Your firm and its services are a commodity, like it or not. The wide availability of numerous staffing and recruitment vendors, the fact that no single entity owns the product, and the fixation on price by both customers and staffing companies that choose to compete on markup all drive the reality our industry remains a commoditized business.

Whether an individual firm remains a commodity or not is a strategic choice. Company size, location and industries served matter little when leaders adopt sound methods to become distinct or even irreplaceable. A growing group of savvy industry veterans and relative newcomers are differentiating their firms through shifts in business practices, packaging of services, meaningful and simple innovations, and expanded methods for buying. Here’s how.

Quid Pro Quo Pricing

Some firms are acknowledging their own value by charging more, not just doing more. Leslie Boudreaux, CPA, a founder and partner of BVOH, shares that this is one of the strategies that has contributed to their success in recent years. “Because our service offering is higher, the price point is as well, and honoring this assures a better match between a prospective client and our company.”

BVOH is a boutique firm placing finance and accounting professionals in full-time and contract positions in the San Francisco Bay Area. Its quid pro quo approach to being rewarded for the value they provide has led to dramatic and consistent growth, along with repeat business over the past five years. By reinvesting some of these gains in the company, especially in improving technology and enhancing best practices, customers and candidates are benefiting from the marriage of an on-demand, responsive service with an advisory approach to customer and candidate interactions. This includes candidate career development and counseling, which creates a better product for customers, and counseling clients on the latest trends in hiring and organizational structure, helping these organizations attract and retain the best talent.

Having value offerings such as these, combined with a willingness to charge for this value, positions firms like BVOH to create custom packaging of services for buyers, expanding the ways in which they buy. Offering escalating value for an escalating price not only gives customers more options, it often makes other firms irrelevant as they have all the choices they need in one place.

Lean Recruiting

Boutique firms are not the only ones focusing on value, with larger companies and franchise organizations also keeping the focus away from price. AtWork Group, an award-winning and nationally known franchisor of staffing services, has developed a sales process that focuses on four distinct factors that show the true value a staffing partner brings to the table — time savings, flexibility, ROI through cost savings and risk mitigation. “These four components build a foundation of values that helps separate our organization from those who are throwing ‘warm bodies’ at job orders,” says President Jason Leverant.

Reducing the required effort of all parties along with improving return on investment are part of a growing, global movement known as lean recruiting. Eliminating wasted time, resources, energy and effort benefits everyone as clients have talented people working more quickly, candidates land better opportunities with less effort, and their providers are rewarded for their efforts while also being able to serve more customers. Patterned on some of the best attributes of lean manufacturing, a systematic method for eliminating waste within a manufacturing process, lean recruiting addresses some of the persistent challenges in our business, especially those focused upon productivity and execution.

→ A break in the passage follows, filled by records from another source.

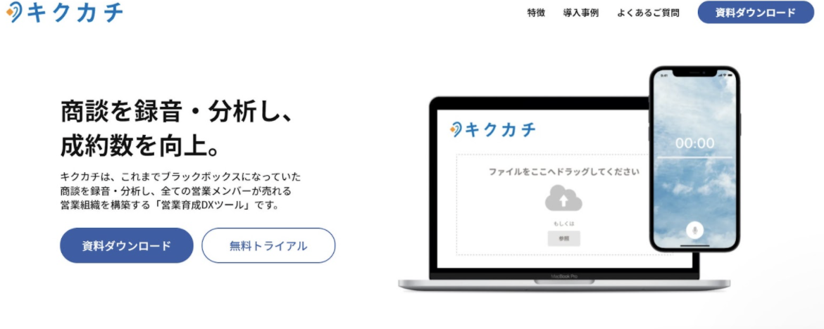 「キクカチ」はこれまでブラックボックスになっていた談を録音・分析し、全ての営業メンバーが売れる営業組織を構築する「営業育成DXツール」です。
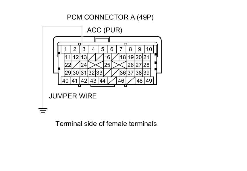 13. Momentarily connect PCM connector terminal A13 to body ground with a jumper wire several times.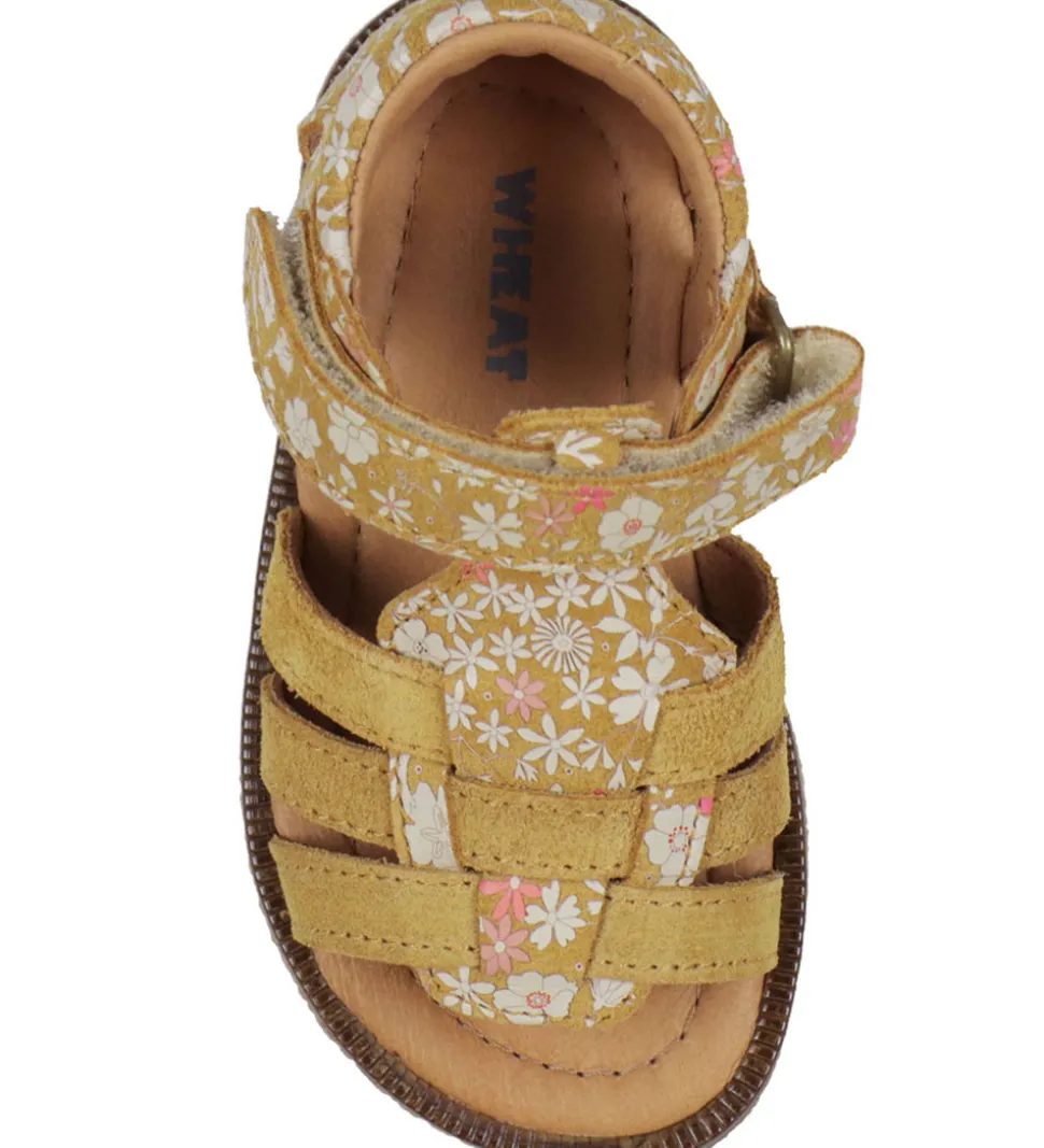 Charmerende Wheat sandaler i karrygul ruskind med print af blomster i råhvid og rosa.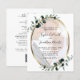 Budget All in One Eucalyptus Photo Gold Metallic Wedding Invitation... Our budget "All in One" botanical photo wedding invitation features a gold metallic oval frame embellished with sage and emerald green eucalyptus leaves bordering a photo of the bride and groom on a crisp white background. Your photo will be placed on a layer underneath a white transparency to "fade" the colours somewhat so the text on top is readable. The back of the invitation contains all of the details you would typically see on separate cards in the wedding packet. This modern style wedding invitation was designed to be both elegant and budget conscious... not to mention time-saving. On the back there is also a QR code graphic template you can replace with your own code (or delete if you don't plan to use one... also - don't forget to delete the text that refers to the QR code information). All example text can be easily revised with your own information on the personalisation template. PLEASE NOTE: Budget cards do not automatically come with envelopes, as do the traditional invitations, but you can purchase them on the same page at checkout if you wish. This all in one design is also available on a traditional 5x7 wedding invitation.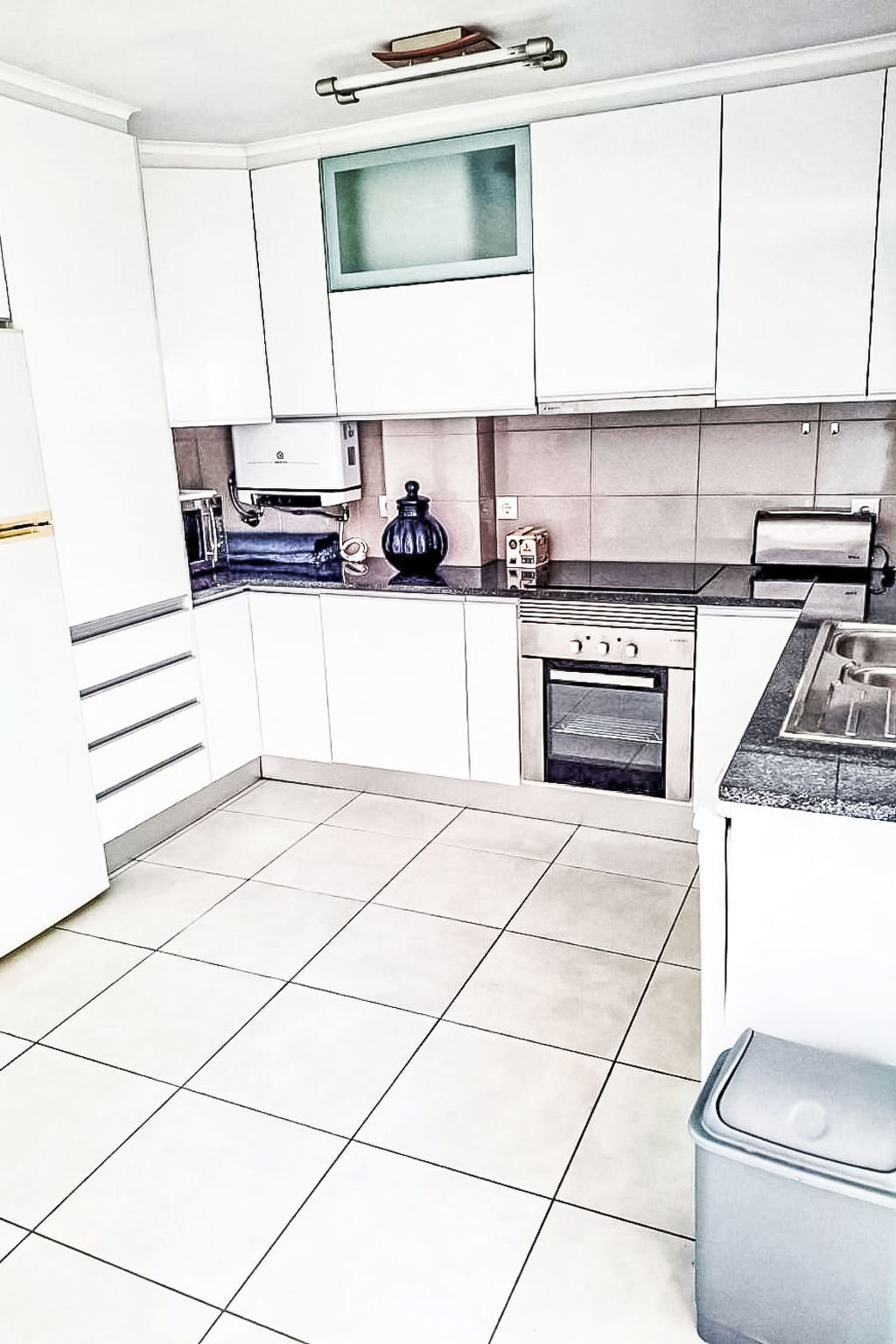 Cuisine ouverte (four, lave-vaisselle, 4 plaques vitrocéramiques, grille-pain, bouilloire électrique, micro-ondes, congélateur, cafetière électrique, Capsules pour machine à café (Dolce Gusto not incl)).

“Inherently, our model is promoting a higher quality of service provided to customers and candidates, as evidenced by our high satisfaction scores when polled under Inavero’s Best of Staffing surveys (75% net promoter scores or higher),” Leverant shares. “In addition, this has led to increased gross margin percentages and improvements in employee retention.”

Niching the Niche

Working a niche has been a long-standing strategy that many believe has helped reduce some of the commoditization within our industry. While this approach, to some degree, has created at least a modicum of differentiation, the very fact that “niching” is not new or unique limits the effective- ness of it as a standalone strategy. Creating a distinct offering that buyers view as one-of-a-kind is requiring renewed thought and shifts in focus.

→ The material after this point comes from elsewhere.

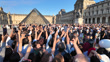PARIS, FRANCE - JULY 14: Kim Seok-Jin, member of the Korean group BTS, bearer of the Olympic torch runs during the Olympic flame parade in front of the pyramid of the Louvre museum on July 14, 2024 in Paris, France. The Olympic Flame arrived in Paris on July 14 to be integrated into the Bastille Day celebrations. This includes the traditional grand military parade on the Champs-Élysées, which is featuring the Olympic Torch as part of its route. The torch is planned to be carried through iconic locations in Paris, such as La Place de La Concorde, Notre Dame, Bataclan, Bastille, Assemblée Nationale, and the Musée Carnavalet. Additionally, the Eiffel Tower is hosting a special fireworks display, celebrating both Bastille Day and the upcoming Olympics with a theme centered around "Liberty." (Footage by Photo and Co/Getty Images)

Mike Gawthorne, CEO of UK-based Serocor Group, a human capital management firm, has successfully taken on the task of refining and deepening the niche approach of his company, which focuses on the engineering, information technology and technical arenas. “We have reshaped our organization to have clearly defined divisions of specialization that are led by industry experts. They have been tasked with not just creating their own areas of expertise, but also in developing independent cultures representing the sectors they support.”

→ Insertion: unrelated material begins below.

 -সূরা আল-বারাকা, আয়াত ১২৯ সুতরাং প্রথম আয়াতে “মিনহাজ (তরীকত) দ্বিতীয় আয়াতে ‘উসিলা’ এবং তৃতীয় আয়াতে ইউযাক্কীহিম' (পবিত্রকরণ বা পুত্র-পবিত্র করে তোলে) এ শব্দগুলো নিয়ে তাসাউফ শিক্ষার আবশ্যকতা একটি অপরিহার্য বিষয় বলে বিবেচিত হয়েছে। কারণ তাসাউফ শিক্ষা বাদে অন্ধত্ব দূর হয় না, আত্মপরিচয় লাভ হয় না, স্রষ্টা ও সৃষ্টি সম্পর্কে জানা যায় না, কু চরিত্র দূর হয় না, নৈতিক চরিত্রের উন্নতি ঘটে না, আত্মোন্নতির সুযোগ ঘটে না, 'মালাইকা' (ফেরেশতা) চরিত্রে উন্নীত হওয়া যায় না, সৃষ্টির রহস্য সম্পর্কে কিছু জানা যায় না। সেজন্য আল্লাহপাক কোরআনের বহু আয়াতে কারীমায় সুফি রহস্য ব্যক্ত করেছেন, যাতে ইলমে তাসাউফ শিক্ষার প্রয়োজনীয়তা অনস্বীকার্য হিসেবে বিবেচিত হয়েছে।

Serocor’s group of five distinct brands (ARM, Optamor, Bloc, Hawker Chase Executive and Serocor Solutions) are cornering and covering their markets better than ever as a result of these Micro-Niching initiatives, effectively becoming the UK’s recruitment industry equivalent of an agent to the stars of film or sport. By deepening their level of knowledge and engagement, they are able to create lasting contract and fulltime matches with a speed and accuracy unparalleled by traditional niche providers.

“In a relatively short period of time, we have increased margins and improved our productivity per head,” comments Gawthorne. “The longer-term effects include a much better market presence as we have been able to position our brands more clearly in the market, becoming de facto thought leaders in the process.”

The day our industry gains the ability to manufacture cyborg temps, contractors and direct hire candidates will be the beginning of the end of commoditization as we currently know it. Until then, ongoing creativity and innovation in how we serve up the commodity that is staffing will be required to remain competitive and, in many cases, viable as a business. That is actually good news for an industry that is full of people with an entrepreneurial spirit.